What Is Depreciation?
Depreciation refers to the accounting technique, which assigns the costs of a physical item over its lifetime or expected life. Depreciation is a measure of the depreciation schedule or time by the value of an asset. Depreciation of assets, especially fixed capital assets, enables companies to earn revenues at the expense of part of the asset’s annual cost.
If not taken into consideration, this can have a substantial influence on earnings. Companies can recover the cost of an asset by computing depreciation at the time it was bought. This technique makes it possible for companies to recoup the total lifetime costs of an item instead of only the purchase price. This also allows them to replace a reasonable amount of revenue for future assets.
What Is The Straight Line Depreciation Method?
As the simplest approach, it distributes the usable lives of the asset to an equal depreciation rate each year. The worth of the property is estimated after its tenure (for years). The removal of the rescue value from the initial value of the item provides us with the ultimate cost of the depreciation.
The value of an asset is lowered consistently throughout each period until the value of its recovery is achieved using a straight line depreciation technique. Direct depreciation is the most often used and easy technique of depreciation for assigning capital asset costs.
The straight line depreciation method formula is given as follow:
Annual Depreciation Expense = (Asset Price – Residual Value) / Useful life of the asset
Importance Of Knowing How To Calculate Straight Line Depreciation
There are several reasons why companies choose the straight line method of depreciation. Direct depreciation is by far the easiest way to compute for your accountant or bookkeeper and direct depreciation costs stay stable over the life cycle, making the inclusion in your business budget very easy.

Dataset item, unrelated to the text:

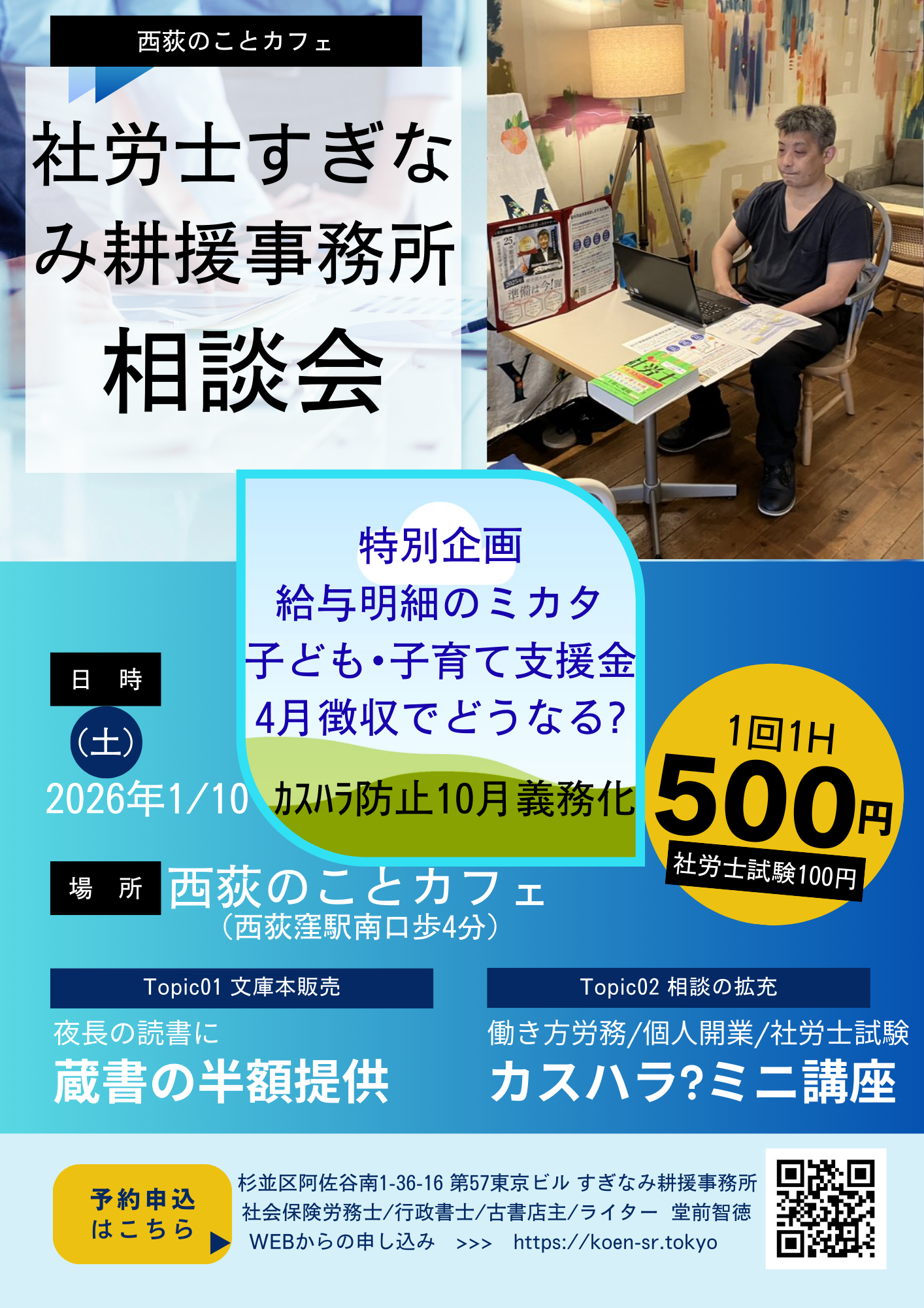 直近:1月10日(土)11~17時、会場:西荻のことカフェ https://nishioginokoto.co.jp/1回500円、1時間以内、資料無料、予約優先→お申込み等外部申込フォーム社労士受験相談のみ100円

Here are a few reasons why your small company should utilize a straight line depreciation calculator:
1. Easily Calculated
The straight line depreciation technique just requires the useful life of the asset to be measured, the salvage value estimated and the yearly or even monthly depreciation costs calculated. The straight line depreciation equation is by far the easiest technique to calculate:
(Asset cost – salvage value) ÷ useful life = annual depreciation
As depreciation expenses continue to be equal for the full useful life of the asset, you will continue to maintain the depreciation expenditure consistent so that profit margin calculations or accurate financial predictions are much easier.
3. Fewer Errors
The easiest technique of calculation of depreciation is straight line depreciation. As a consequence, the computation is more precise. While double-declining and other depreciation methods might be beneficial, these approaches also contain more complicated formulae that can lead to mistakes, particularly for novel depreciation methods.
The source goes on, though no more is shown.